千影閣十四年的苦訓,將對主人的服從牢牢地刻在她的骨子中。

她理智上知道自己應該怎麼做,但是面對他,以這種奇怪而親近的方式來面對他,這又是另外一回事。

不過開弓沒有回頭箭,她必須和他圓房。

圓房後,她便可以從莫經羲那裡再要三萬兩。

況且其實……寧王長得挺好看。

這個世上沒有比寧王更俊美的男子了,他平時根本不近女色,多少女子想撲入他懷中,他都一臉冷漠。

她這是憑空接了多大一個餡餅啊……

在這種想法下,她到底是以一種勉強稱得上輕鬆的姿態走到了寧王面前。

她低垂下頭,溫順地道:“殿下,妾身為你寬衣?”

寧王神情疏淡嚴肅,頷首:“好。”

青葛便抬起手,指尖試探著搭上了寧王的玉帶。

就在那玉帶旁,掛著一道玉佩。

那是寧王出生時天子所賜,據說寧王出生,室內有紅光漫射,欽天監占卜之後說大吉兆,恰好此時番邦進貢一塊舉世罕見的玉石,天子便命人將這塊玉石雕刻成螭龍雲紋玉璧,賜給了寧王。
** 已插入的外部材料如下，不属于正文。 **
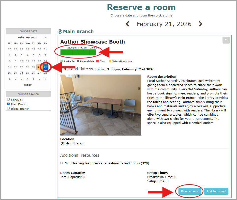 The library will offer two square tables, which can be combined, along with two chairs for your arrangement. The space is also equipped with electrical outlets.
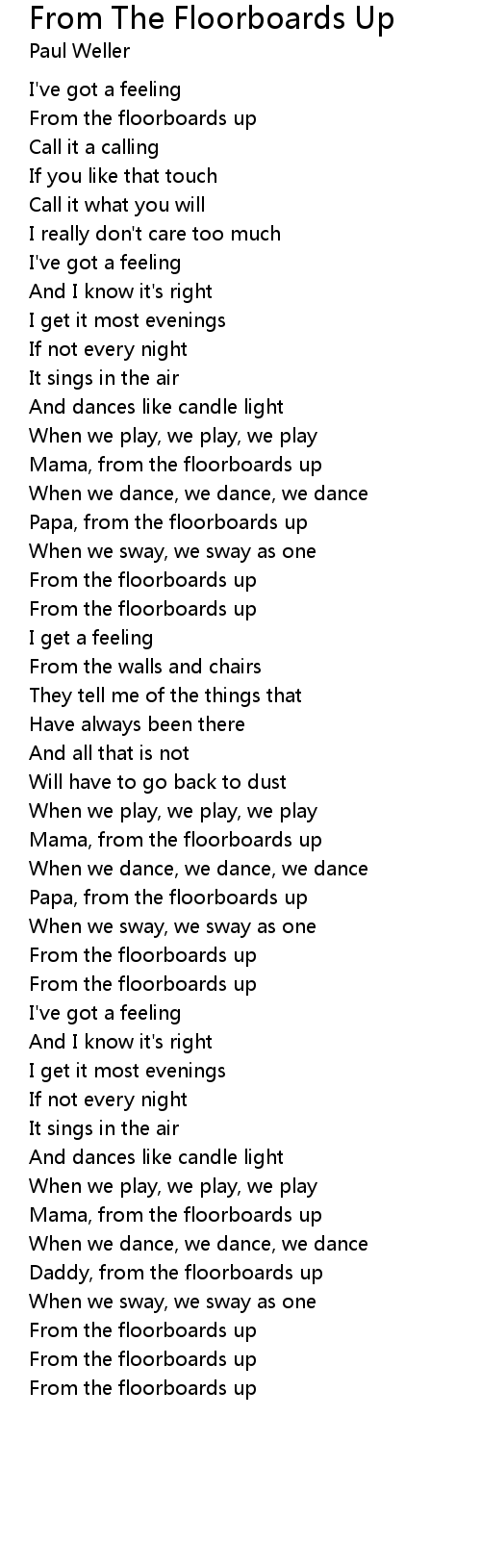 Daddy, from the floorboards up |

寧王大部分時候都會佩戴著,青葛跪在寧王面前回話時,視線曾無數次無意識掃過那塊玉佩。

——視線高度上正好可以看到。

沒想到有一日,她會碰觸到這玉佩,然後親手把它取下來。

這時候,上方突然傳來寧王的聲音:“你很害怕?”

他的聲音已經有了些許沙啞的質感。

青葛喉嚨也有點莫名發緊,她口乾。

她垂著眼睛,低聲道:“有一點。”

這話說出後,寧王並沒說話。

只有清淺的呼吸聲,一下下地,噴灑在她髮間。

過了很久,上方終於傳來聲音:“你不必害怕,你既嫁於孤為妃,孤自會善待你。”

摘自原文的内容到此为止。